Let’s try to define what would be an efficient data archiving architecture. We can layout some key requirements:
- The archive should be on an asynchronous replica
- The archive replica should be using a storage configuration optimized for large dataset
- The regular cluster should just be deleting data normally
- The archiving system should remove delete statements from the replication stream and keep only the inserts and updates
- The archiving system should be robust and able to handle failures and resume replication
Key elements
Our initial starting point is something like this:
The cluster is composed of a source (S) and two replicas (R1 and R2) and we are adding a replica for the archive (RA). The existing cluster is pretty much irrelevant in all the discussions that will follow, as long as the row-based replication format is used with full-row images.
The above setup is in theory sufficient to archive data but in order to do so, we must not allow the delete statements on the tables we want to archive to flow through the replication stream. The deletions must be executed with sql_log_bin = 0 on all the normal servers. Although this may look simple, it has a number of drawbacks. A cron job or a SQL event must be called regularly on all the servers. These jobs must delete the same data on all the production servers. Likely this process will introduce some differences between the tables. Verification tools like pt-table-checksum may start to report false positives. As we’ll see, there are other options.
Capturing the changes (CDC)
An important component we need is a way to capture the changes going to the table we want to archive. The MySQL binary log, when used with the row-based format and full row image, is perfect for the purpose. We need a tool that can connect to a database server like a replica, convert the binary log event into a usable form, and keep track of its position in the binary log.
For this project, we’ll use Maxwell, a tool developed by Zendesk.
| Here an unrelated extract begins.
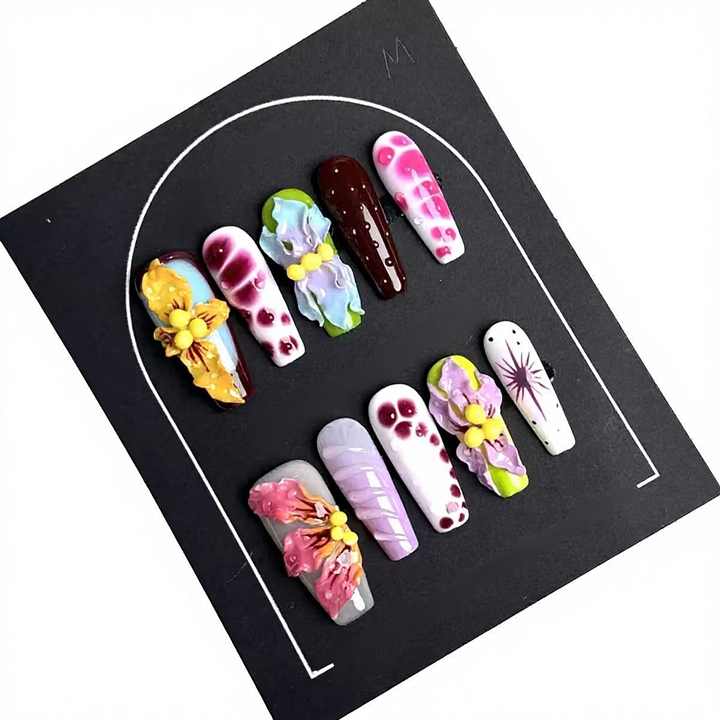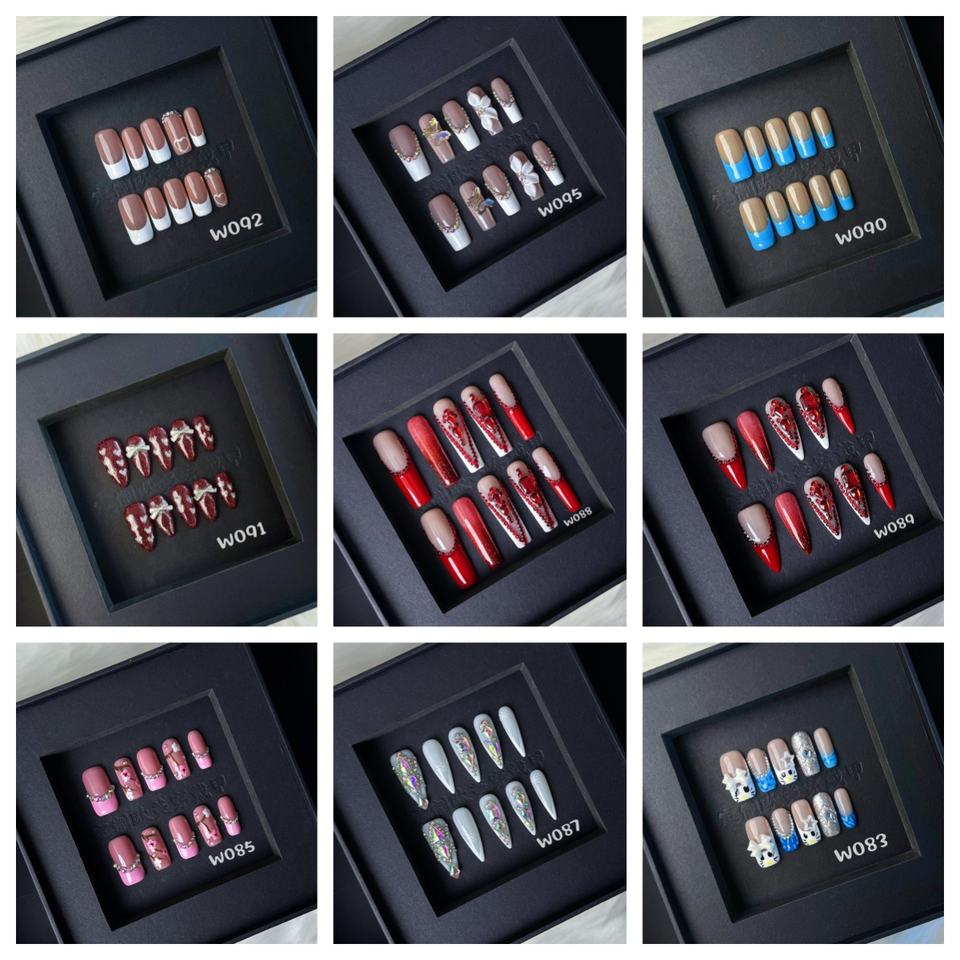 Ongles à coller 3D faits main en acrylique, forme cercueil, couverture complète

Maxwell connects to a source server like a regular replica and outputs the row-based events in JSON format. It keeps track of its replication position in a table on the source server.
Removing deletions
Since the CDC component will output the events in JSON format, we just need to filter for the tables we are interested in and then ignore the delete events. You can use any programming language that has decent JSON and MySQL support. In this post, I’ll be using Python.
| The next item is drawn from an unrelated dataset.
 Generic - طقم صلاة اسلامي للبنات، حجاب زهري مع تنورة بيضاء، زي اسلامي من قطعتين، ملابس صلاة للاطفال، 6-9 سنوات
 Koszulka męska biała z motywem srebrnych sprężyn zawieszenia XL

Storage engine for the archives
InnoDB is great for transactional workload but far less optimal for archiving data. MyRocks is a much better option, as it is write-optimized and is much more efficient at data compression.
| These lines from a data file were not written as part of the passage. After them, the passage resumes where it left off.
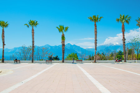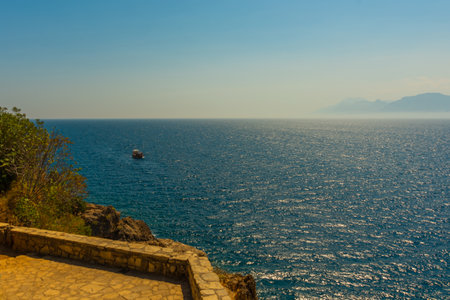ANTALYA, TURKEY: Beautiful Top view of the sea and the city from Ataturk Park on a sunny summer day in Antalya, Turkey.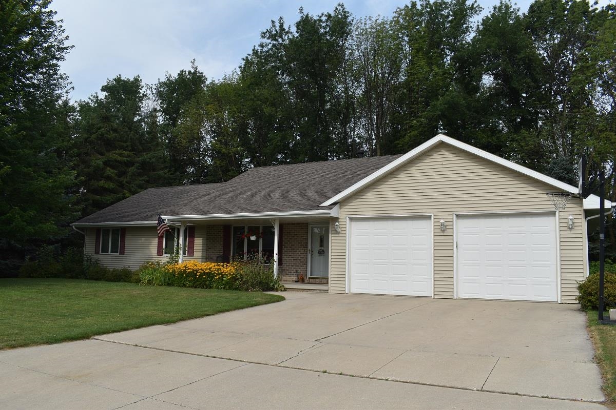 Spacious 4 BR ranch home welcomes you into an open concept living room featuring a gas fireplace, lighted decorative ledge & vaulted ceiling. Beautiful kitchen offers lots of oak cabinets, breakfast bar & large dining area with patio doors to an amazing backyard. Maintenance free deck, 24' swimming pool & woods that provide almost 100% backyard privacy. Great for entertaining. Finished lower level with large rec room, family room & room for hobby/office/den. Backyard storage shed included.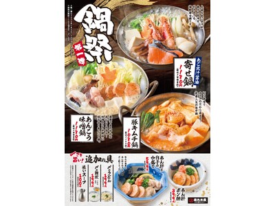 海鮮居酒屋「磯丸水産」をはじめ多数の居酒屋を運営する SFP ホールディングス株式会社(本社:東京都世田谷区 代表取締役社長: 佐藤誠)は、2025年11月4日(火)より「鍋祭」第一弾を開催します。

Architectures for efficient data archiving
Shifted table
We have a few architectural options for our archiving replica. The first architecture, shown below, hooks the CDC to the archiving replica. This means if we are archiving table t, we’ll need to have on the archiving replica both the production t, from which data is deleted, and the archived copy tA, which keeps its data long term.
The main advantage of this architecture is that all the components related to the archiving process only interact with the archiving replica. The negative side is, of course, the presence of duplicate data on the archiving replica as it has to host both t and tA. One could argue that the table t could be using the blackhole storage engine but let’s not dive down such a rabbit hole.
Ignored table
Another architectural option is to use two different replication streams from the source. The first stream is the regular replication link but the replica has the replication option replicate-ignore-table=t. The replication events for table t are handled by a second replication link controlled by Maxwell. The deletions events are removed and the inserts and updates are applied to the archiving replica.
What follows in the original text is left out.